> **Information shown**
#####
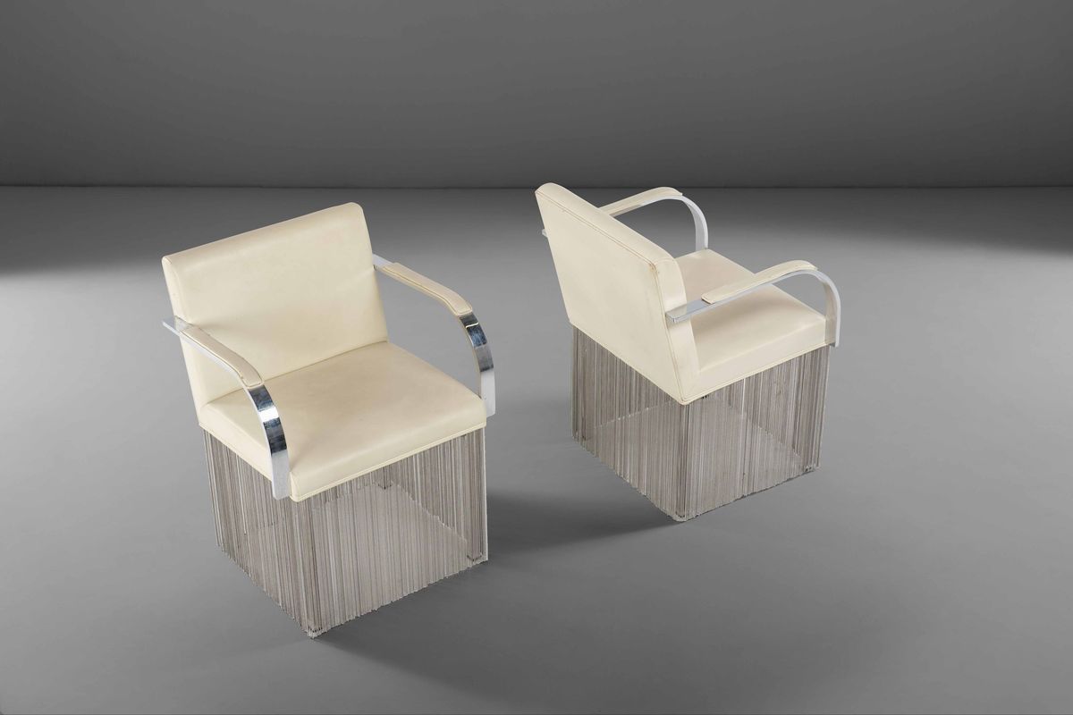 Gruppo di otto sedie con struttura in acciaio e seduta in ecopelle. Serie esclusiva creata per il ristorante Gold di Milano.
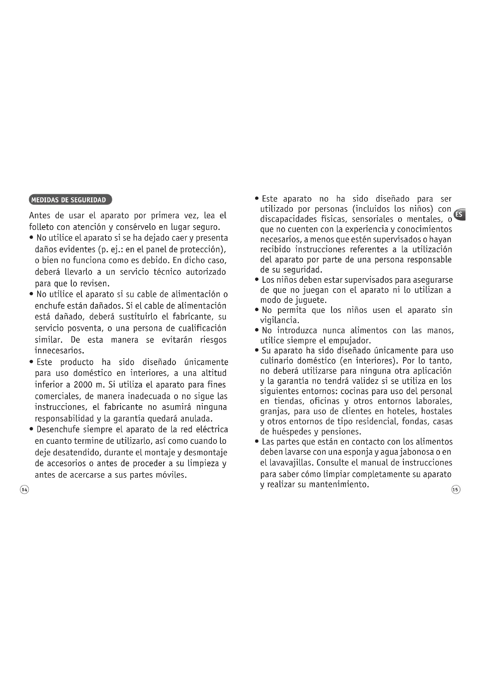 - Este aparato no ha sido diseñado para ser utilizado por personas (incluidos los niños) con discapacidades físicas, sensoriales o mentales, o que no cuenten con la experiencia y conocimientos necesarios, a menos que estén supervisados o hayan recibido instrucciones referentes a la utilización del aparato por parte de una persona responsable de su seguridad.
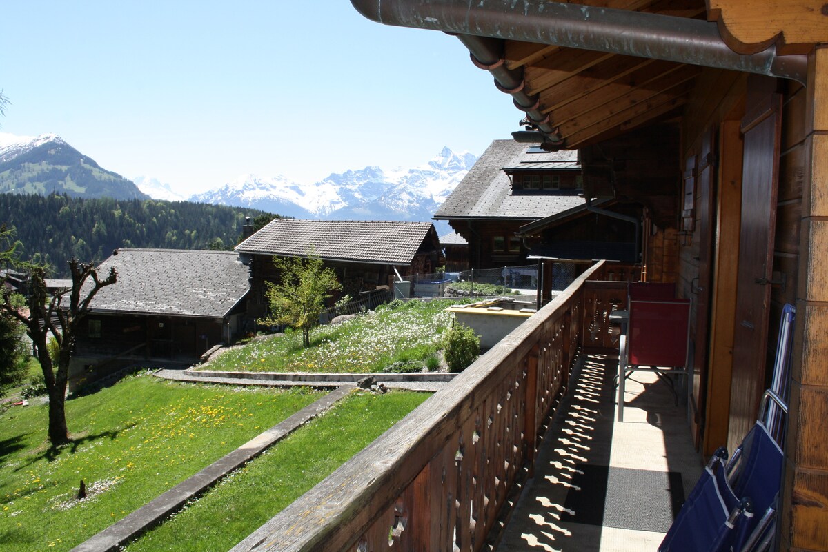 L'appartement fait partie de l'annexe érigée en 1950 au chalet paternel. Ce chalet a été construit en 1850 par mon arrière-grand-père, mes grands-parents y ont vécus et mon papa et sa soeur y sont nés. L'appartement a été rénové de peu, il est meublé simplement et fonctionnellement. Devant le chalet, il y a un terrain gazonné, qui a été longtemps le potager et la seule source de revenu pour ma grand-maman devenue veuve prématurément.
#####
Repeat all of the material above exactly, leaving out pictures.

> **Response to this exercise**
 Gruppo di otto sedie con struttura in acciaio e seduta in ecopelle. Serie esclusiva creata per il ristorante Gold di Milano.
 - Este aparato no ha sido diseñado para ser utilizado por personas (incluidos los niños) con discapacidades físicas, sensoriales o mentales, o que no cuenten con la experiencia y conocimientos necesarios, a menos que estén supervisados o hayan recibido instrucciones referentes a la utilización del aparato por parte de una persona responsable de su seguridad.
 L'appartement fait partie de l'annexe érigée en 1950 au chalet paternel. Ce chalet a été construit en 1850 par mon arrière-grand-père, mes grands-parents y ont vécus et mon papa et sa soeur y sont nés. L'appartement a été rénové de peu, il est meublé simplement et fonctionnellement. Devant le chalet, il y a un terrain gazonné, qui a été longtemps le potager et la seule source de revenu pour ma grand-maman devenue veuve prématurément.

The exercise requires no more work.